Я размышляла об этом, гуляя по Мадриду. Смотрела на чистое небо Кастилии, на сияющий свет, который не тускнел из-за близости моря, как в Барселоне. Я, вне всякого сомнения, переживала кризисный момент. Иначе как объяснить, что меня до дрожи бесило любое вмешательство в мою жизнь? Я сознательно, без колебаний выбрала для себя одиночество, а теперь, кажется, собиралась достичь еще более высокой степени этого самого одиночества, что оказалось делом трудным, ведь вокруг всегда есть люди, а люди непременно вступают между собой в некие отношения – что-то тебе дают и хотят, чтобы ты возвращала долг, улыбаются, суетятся, выносят суждения, злятся и любят, разговаривают, видят тебя и желают, чтобы их тоже замечали.
Когда я завершу это дело, если только это дело когда-нибудь завершится, попрошу у комиссара Коронаса месячный отпуск – чтобы получился целый месяц подряд. И отправлюсь в монастырь. В такой, где сдают комнаты с едой. Буду гулять на природе. Читать полное собрание сочинений Пушкина – это в моей интеллектуальной биографии лакуна, которую пора ликвидировать. Буду наблюдать за поведением муравьев в муравейнике, если, конечно, мой отпуск не случится зимой. Попрошу монахиню, отвечающую за обслуживание постояльцев, чтобы еду мне приносили в келью. Если увижу кого в коридоре, отвернусь, избегая даже приветствий. А если за месяц такая жизнь мне понравится, поступлю монахиней в эту общину. Хотя, разумеется, для меня подобное решение будет очень тяжелым. Я не верю в Бога, не смогу выполнять обет послушания, молиться, вставать в пять утра, не смогу стать полноценной частью общины. Не говоря уж об отказе от книг, музыки, сигарет, виски и кофе.

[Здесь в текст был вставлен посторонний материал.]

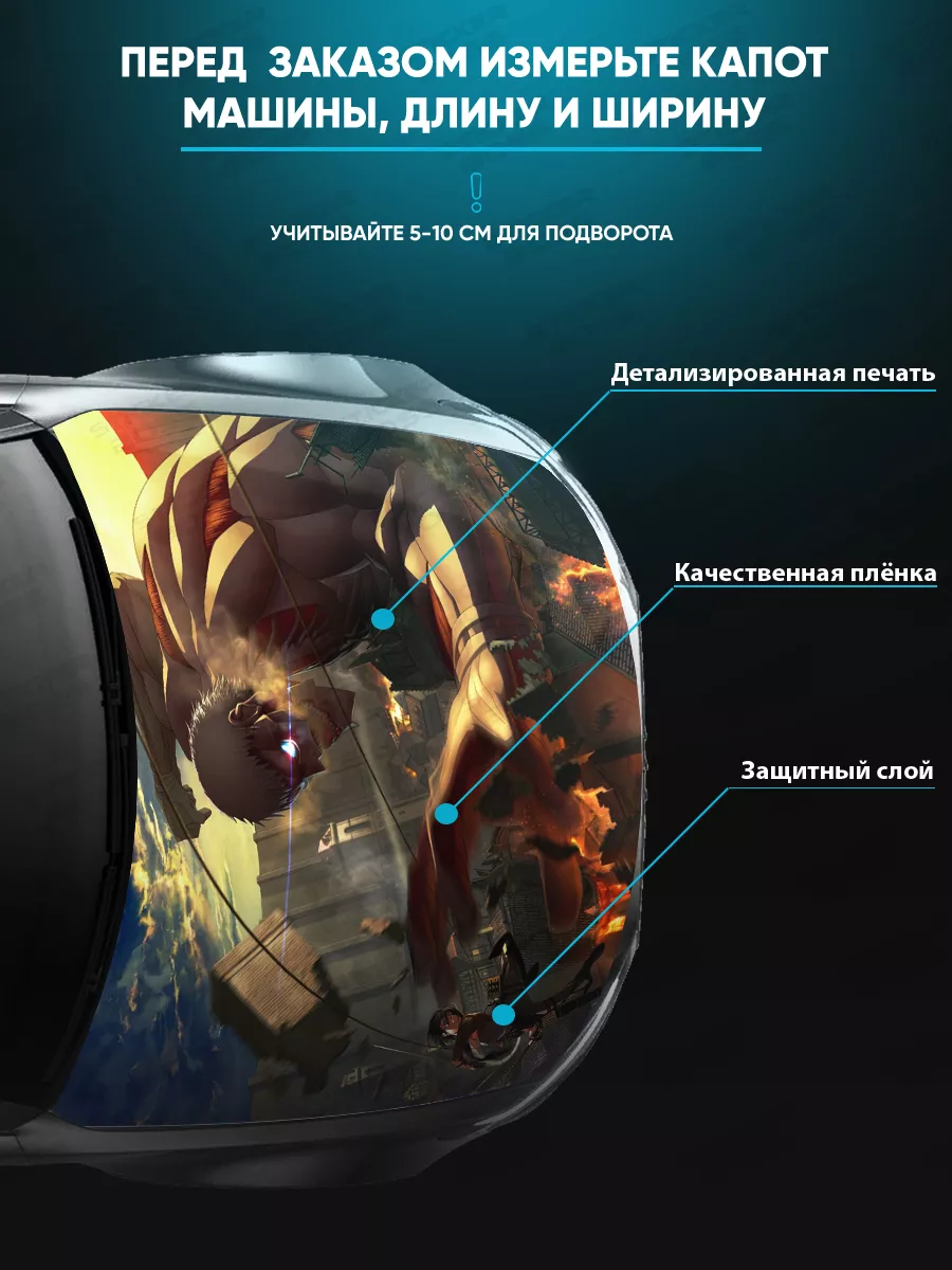 Преобразите внешний вид вашего автомобиля с помощью уникальной наклейки на капот с аниме! Эта большая наклейка размером 155х119 см идеально подойдет для большинства популярных моделей, будь то седан, хэтчбек или универсал

В конце концов я даже додумалась до того, что должны существовать монастыри для мирян, людей слегка измученных жизнью, для тех, кто любит одиночество, но не готов отказаться от земных благ и удовольствий. А как там будет обстоять дело с сексом и любовью? Неужто и от них придется отказаться, чтобы монастырь за три дня не превратился в бордель? А на какие деньги будет существовать община? Откуда берут деньги монахи и монахини? Изготовляют сладкие напитки и вышивают крестиком? Как добыть денег? Это будет главной проблемой – как всегда, впрочем. Деньги, деньги, деньги, деньги. Я снова вернулась мыслями к расследованию. Интересно, добился ли чего Молинер от министра? Мы договорились встретиться в девять в гостинице, где для него тоже забронирован номер. Тогда он все и расскажет… Вернувшись к реальности, я огляделась по сторонам. Где я нахожусь? Кто знает. Кажется, заблудилась.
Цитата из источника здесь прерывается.